GUEST COLUMN – Rules for Thee, but not for the City of Kamloops

(Image: Kamloops Citizens United)
By COLEY ECKER
Kamloops Citizens United
PEOPLE ARE EXHAUSTED. They don’t know who or what to believe, and they’re done watching local officials and City administration play by a different set of rules.
Over the last three years, trust in City Hall, in leadership, and even in each other has eroded in Kamloops. Why? Because a culture long ago took root at City Hall:
“Rules for thee, not for me.”
The result is a city with no real accountability — and it’s costing us. Not just in dollars, but in faith, in civic spirit, and in our future.

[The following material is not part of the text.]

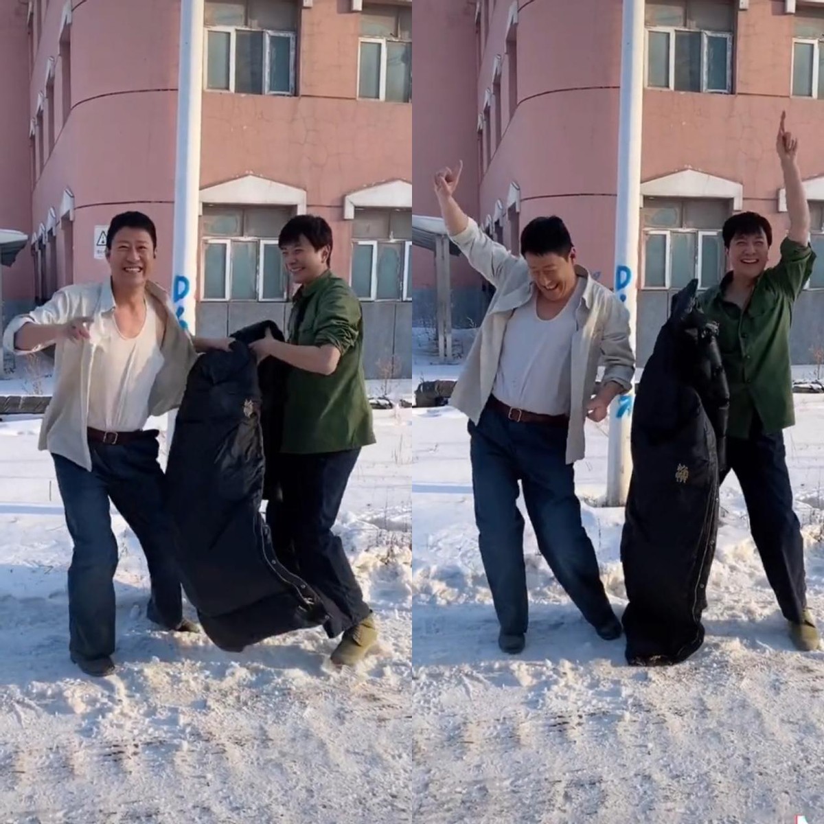 从镜头里可以看到,于震所处的地方温度并不高,地面上还堆着一层厚厚的积雪。而从他和周围人的造型上来看,可以推测他应该是在片场。

A system that shields insiders isn’t showing integrity; it’s showing institutional rot — and people are seeing it now.
The Pattern
- One standard for insiders, another for residents. Process stretches for the well-connected; it snaps for everyone else.

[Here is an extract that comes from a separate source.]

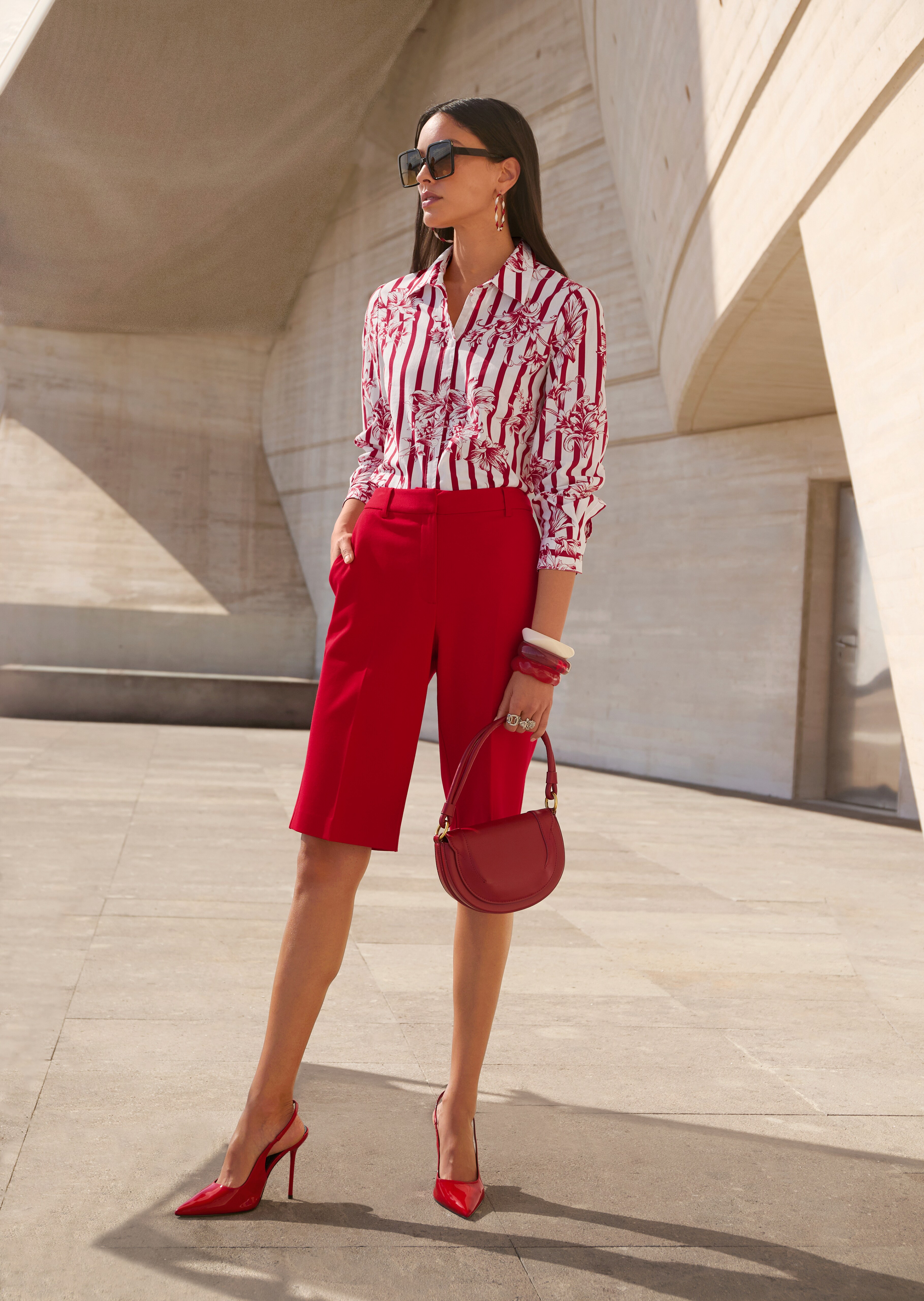 Bermudas feiern ihr Comeback als modernes Sommer-Basic. Dieses Modell zeigt, wie lässig und zugleich gepflegt die verkürzte Hosenform wirken kann. Der Bund mit Gürtelschlaufen, schräge Eingriffstaschen und die dezenten Bügelfalten verleihen ihr eine zeitlose Optik. Der softe Jersey mit Stretch sorgt für angenehmen Tragekomfort. Kombinieren Sie die Bermuda mit Bluse und Blazer für einen modischen Anzuglook oder mit Top und Sandalen für einen entspannten Weekendstyle.

- Bylaws as armor. New rules appear that manage dissent, not problems — protecting power instead of serving the public.
- Investigations with built-in conflicts. If the “independent” investigator depends on the same institution for contracts or referrals, or has a prior financial relationship — and is also allowed to investigate themselves over allegations of bias — public trust in the outcome is unlikely.

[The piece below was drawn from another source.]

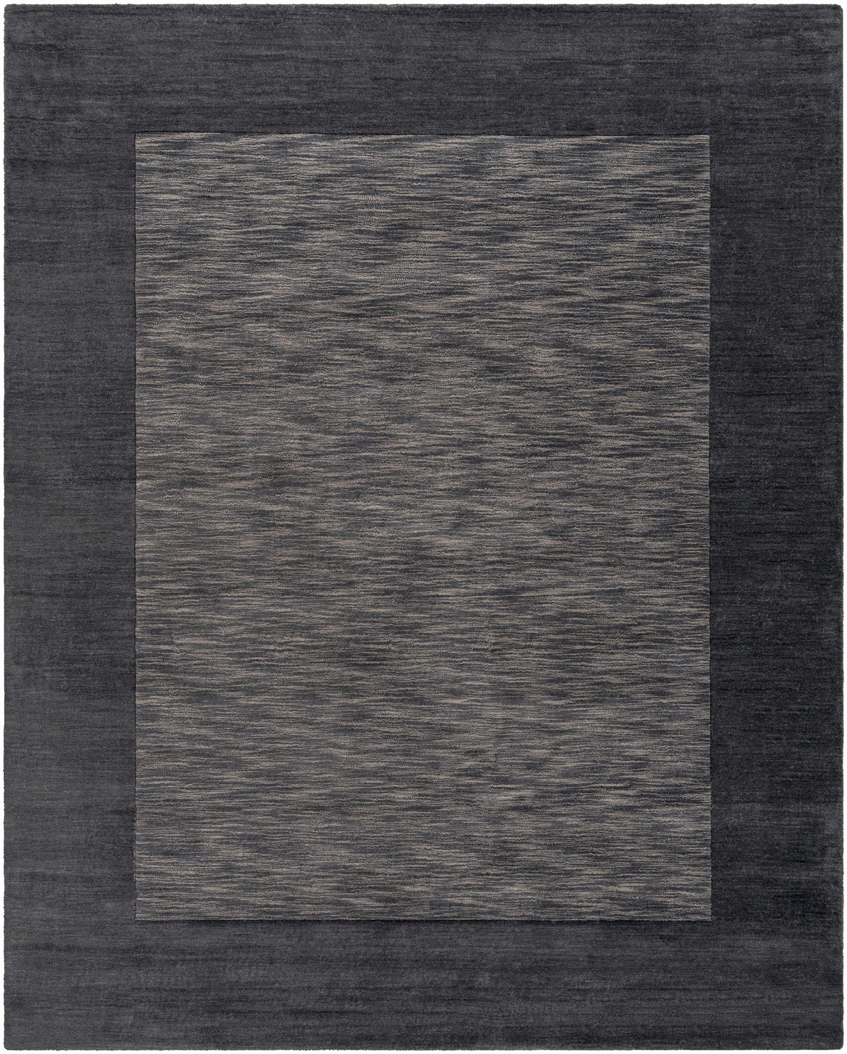 Introducing the Bordered Solid Black Charcoal Wool Area Rug, a modern style statement piece to bring your home decor to life. Hand loomed in India with high-quality wool and a high/low pile, this rug will add softness and texture to any room. Perfect for contemporary spaces, the Bordered Solid Black Charcoal Wool Rug is designed with durability in mind, so you can enjoy it for years to come. For best results, use with a rug pad (sold separately). Spot clean only.

- Opacity over sunlight. Key decisions move into closed meetings, legal wrappings, or reports that summarize without fixing.
If accountability is the backbone of democracy, ours is out of joint — and the pain shows up in your tax bill, your services, and your sense that City Hall answers to itself, not to you.
Meanwhile, some local media — reliant on public advertising and civic access — often look away when scrutiny is most needed. That’s not “bias” as a slur; it’s an ecosystem problem.
When a newsroom relies on City Hall for access and advertising dollars, watchdog reporting tends to go quiet. When was the last time you saw an in-depth piece questioning City Hall’s decisions?
“Trust the system,” we’re told. Which system?
While City Hall and online surrogates paint KCU as troublemakers rather than taxpayers asking for proof; the bigger question goes unanswered:
Why has the system been calibrated to protect City Hall — instead of the people who elected them?
You can’t build trust with processes that push accountability out of reach. You build trust with proof in public.
In other words, show the record.
- Real independence in investigations. Pre-qualified panels chosen by random draw; mandatory disclosure of prior financial links and full public summaries with findings and rationale.
- No more black-box bylaws. Sunset clauses on new “conduct” rules; automatic public review after 6 months, with data on use and impact.
- Contracts and consultants in daylight. Publish scopes, vendors, total costs, and deliverables on a live dashboard. No sole-source renewals without a public-interest test.
- Council’s accountability ledger. Quarterly public scorecard: motions promised vs. delivered, closed-meeting metrics, recusals (with reasons), travel/hosting, and legal spend.
- FOI that works. Proactive disclosures for high-interest topics; fee waivers where public interest is clear; timelines that beat — not just meet — the law.
Deliver those five, and the labels fall away; trust starts to return. People don’t need spin. They need receipts: transparency.
Call to residents:
Kamloops doesn’t need perfect people in office; we need verifiable accountability.
Email citycouncil@kamloops.ca. Ask for it. Share it.
When the rules are the same for everyone, trust returns. No more “rules for thee and not for me.”
Coley Ecker is a member of the Kamloops Citizens United group.
Absolute scoundrels on council and city admin. No one can justify earning over $300K a year for running a circus.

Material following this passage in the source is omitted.